D-

Zachary Lund admin at computerquip.com
Sat Feb 11 16:40:50 PST 2012


On Sunday, 12 February 2012 at 00:29:35 UTC, Jonathan M Davis 
wrote:
> On Saturday, February 11, 2012 18:01:05 Nick Sabalausky wrote:
>> But not all slices are slices of dynamic arrays.
>
> But all slices are still dynamic arrays, even if they refer to 
> a static array. They just have a capacity of 0, so any 
> appending will result in them being reallocated. And slicing 
> static arrays is one of those things that you generally have to 
> be careful about precisely because they aren't managed by the 
> GC and can go out of scope before their slices do.
>
>> Yea, manual memory management is hard and you have to be 
>> careful. That's
>> true slices or not.
>
> Yes, but in this case, you're dealing with a language feature 
> which is _designed_ to be managed by the GC. It's not designed 
> for manual memory management at all.

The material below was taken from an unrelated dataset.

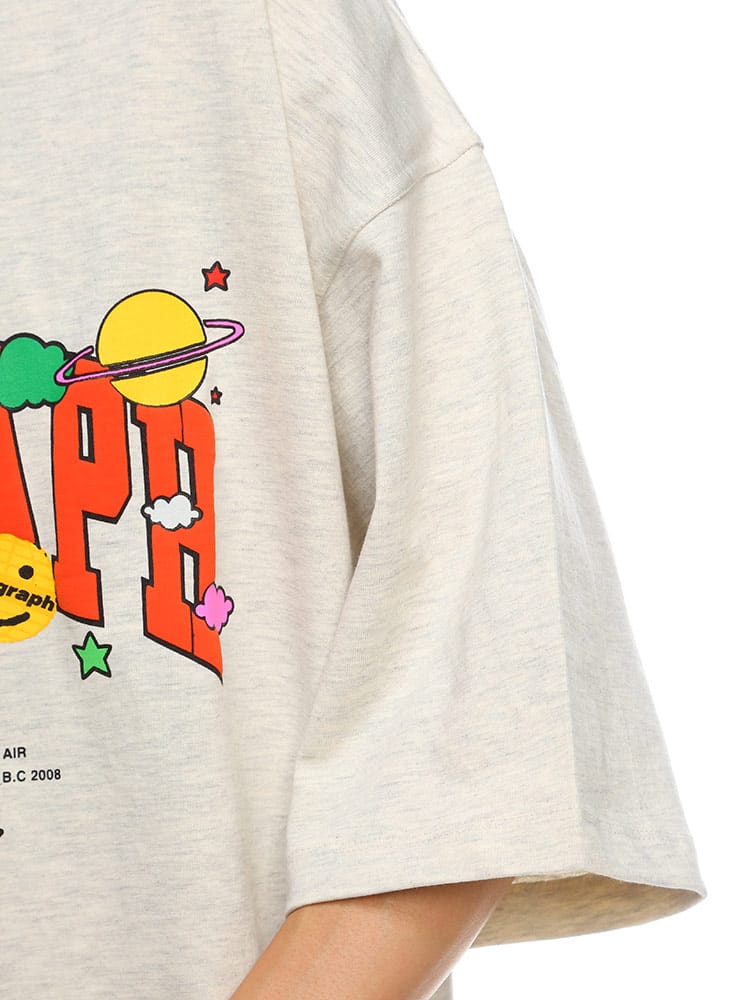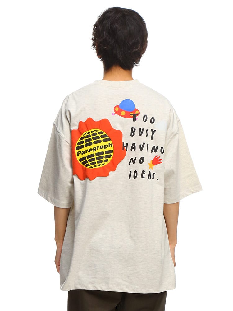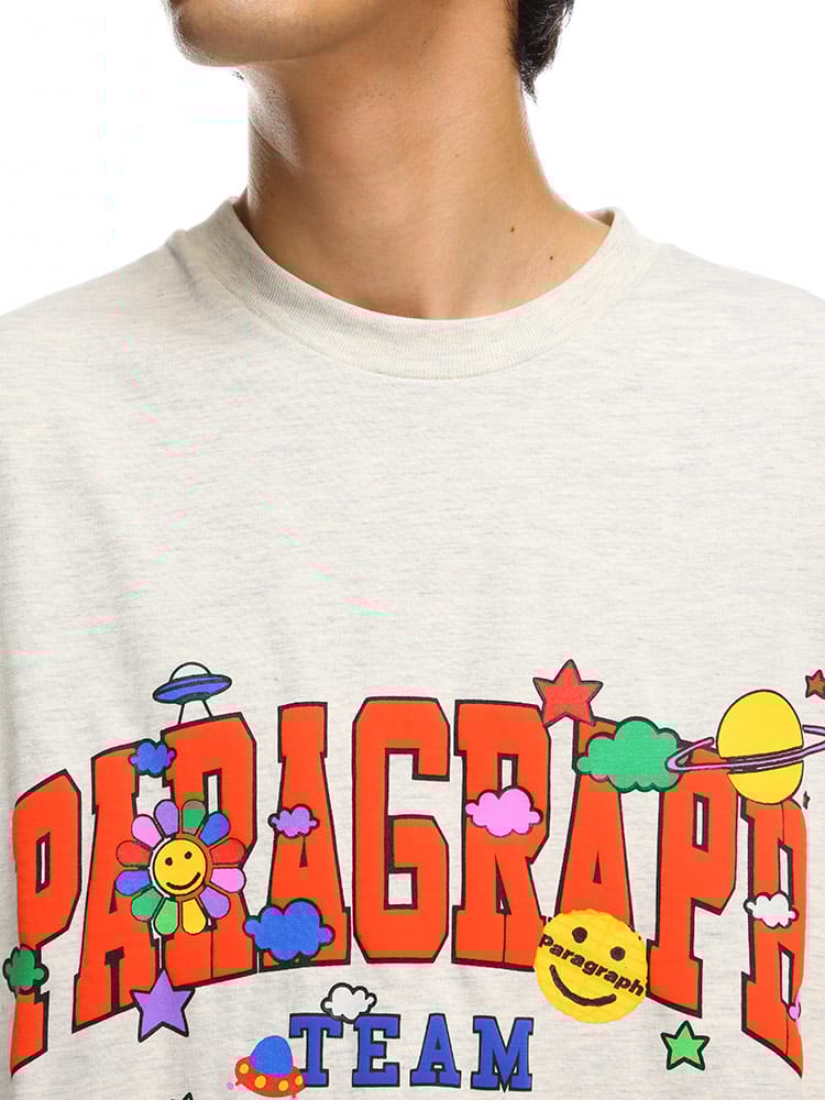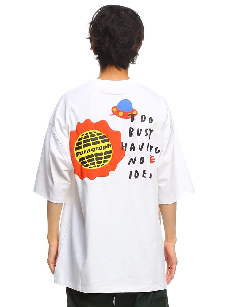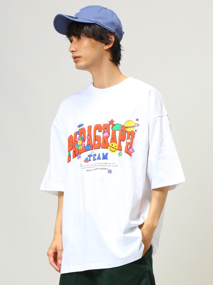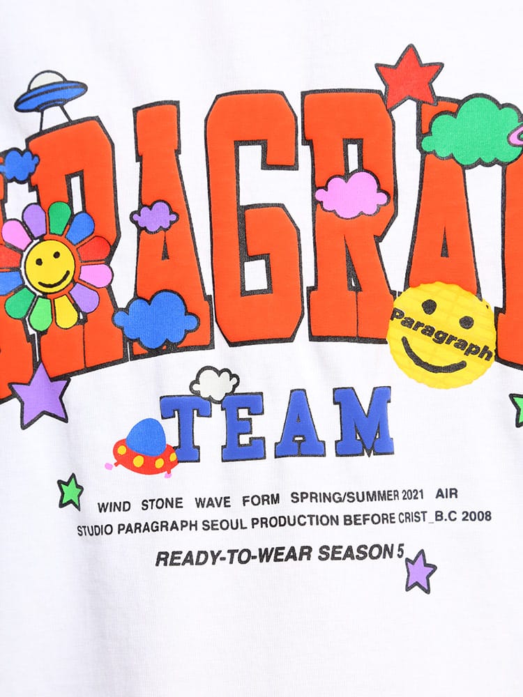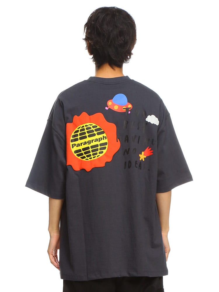Paragraph(パラグラフ)のバックプリント クルーネック 半袖 Tシャツ HAPPY T-SHIRT。フロントとバックに大きくロゴをプリント。フロント左裾にロゴワッペンを刺繍。生地にはしっかりとしたコットン生地を使用。首元はベーシックなクルーネックデザイン。ストリートシーンで注目されること間違い無しな一枚です。

It's a completely 
> different situation when you're dealing with user-defined types.
>
>> Arrays knowing their own length *is* a notable improvement 
>> over C.
>
> Indeed, but that's pretty much the only improvement that D 
> makes to arrays which is safe to use without a GC without being 
> _very_, _very_ careful.
>
> - Jonathan M Davis

Btw, I'm not very fluent in the inner workings of a garbage 
collector implementation but how does one go about concatenating 
to an array in a garbage collector as compared to manual memory 
management? I believe array concatenation can be done in 
std::vector with the insert() function just fine. Isn't it as 
simple as determining both array sizes and allocating enough 
memory for both arrays? I could be oversimplifying things...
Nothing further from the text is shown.